_DATA SUPPLIED:_

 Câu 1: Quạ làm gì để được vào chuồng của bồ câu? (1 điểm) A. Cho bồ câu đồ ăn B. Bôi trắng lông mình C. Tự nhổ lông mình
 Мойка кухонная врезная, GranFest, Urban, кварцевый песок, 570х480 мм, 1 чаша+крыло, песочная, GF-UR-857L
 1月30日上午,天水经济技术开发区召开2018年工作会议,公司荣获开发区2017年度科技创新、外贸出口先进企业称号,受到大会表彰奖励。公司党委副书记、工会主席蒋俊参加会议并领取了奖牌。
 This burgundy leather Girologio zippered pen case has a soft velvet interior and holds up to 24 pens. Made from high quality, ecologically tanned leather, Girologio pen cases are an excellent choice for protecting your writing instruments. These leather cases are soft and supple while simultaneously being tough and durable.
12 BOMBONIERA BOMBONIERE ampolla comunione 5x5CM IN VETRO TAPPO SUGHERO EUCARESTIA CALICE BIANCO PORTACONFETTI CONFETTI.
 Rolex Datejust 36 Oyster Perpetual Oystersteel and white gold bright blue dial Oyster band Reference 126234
==
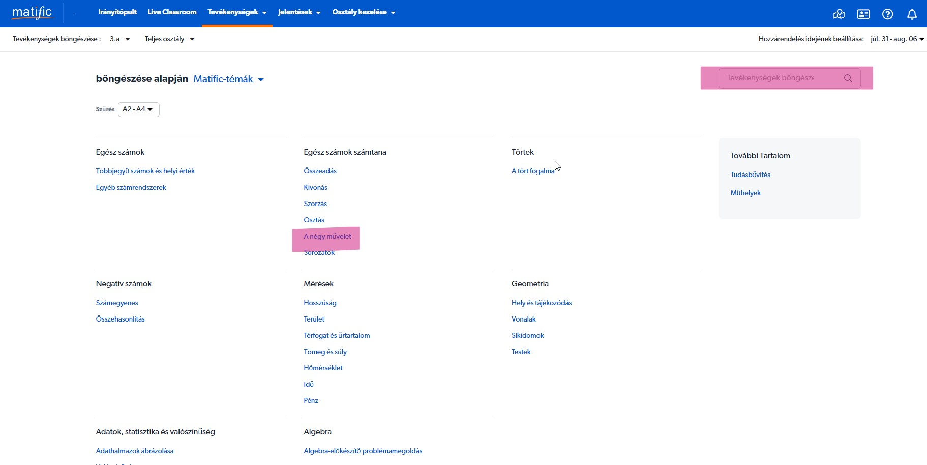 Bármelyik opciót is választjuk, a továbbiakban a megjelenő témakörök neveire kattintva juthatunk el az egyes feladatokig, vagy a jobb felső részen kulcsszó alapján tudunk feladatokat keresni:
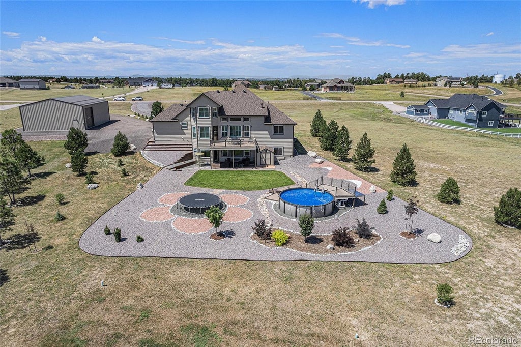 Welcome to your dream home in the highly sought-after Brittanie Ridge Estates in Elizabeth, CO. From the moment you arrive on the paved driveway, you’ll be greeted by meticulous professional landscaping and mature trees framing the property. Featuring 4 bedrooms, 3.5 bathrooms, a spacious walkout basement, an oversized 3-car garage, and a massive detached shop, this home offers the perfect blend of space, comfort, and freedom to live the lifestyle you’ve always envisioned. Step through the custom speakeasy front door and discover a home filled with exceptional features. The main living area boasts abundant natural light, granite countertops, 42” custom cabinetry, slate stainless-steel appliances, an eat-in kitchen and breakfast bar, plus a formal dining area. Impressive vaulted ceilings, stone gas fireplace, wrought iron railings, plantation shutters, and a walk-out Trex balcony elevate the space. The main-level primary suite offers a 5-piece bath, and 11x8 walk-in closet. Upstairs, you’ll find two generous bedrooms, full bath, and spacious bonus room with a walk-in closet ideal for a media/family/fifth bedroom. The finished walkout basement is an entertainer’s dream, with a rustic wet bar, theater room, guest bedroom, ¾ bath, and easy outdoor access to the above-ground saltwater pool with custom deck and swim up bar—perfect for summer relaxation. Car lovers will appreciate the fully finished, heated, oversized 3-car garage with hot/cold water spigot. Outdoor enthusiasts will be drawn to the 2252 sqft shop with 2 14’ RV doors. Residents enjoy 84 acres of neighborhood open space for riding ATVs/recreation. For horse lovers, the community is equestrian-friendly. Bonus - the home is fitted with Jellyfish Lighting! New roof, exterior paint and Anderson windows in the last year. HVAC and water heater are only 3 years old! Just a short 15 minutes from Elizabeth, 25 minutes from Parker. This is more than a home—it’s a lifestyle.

_BRIEF:_ Please, from the entries above, set down exactly the lines from the one containing "This burgundy leather" through the one containing "Rolex Datejust 36", and only those.

_YOUR RESPONSE:_
 This burgundy leather Girologio zippered pen case has a soft velvet interior and holds up to 24 pens. Made from high quality, ecologically tanned leather, Girologio pen cases are an excellent choice for protecting your writing instruments. These leather cases are soft and supple while simultaneously being tough and durable.
12 BOMBONIERA BOMBONIERE ampolla comunione 5x5CM IN VETRO TAPPO SUGHERO EUCARESTIA CALICE BIANCO PORTACONFETTI CONFETTI.
 Rolex Datejust 36 Oyster Perpetual Oystersteel and white gold bright blue dial Oyster band Reference 126234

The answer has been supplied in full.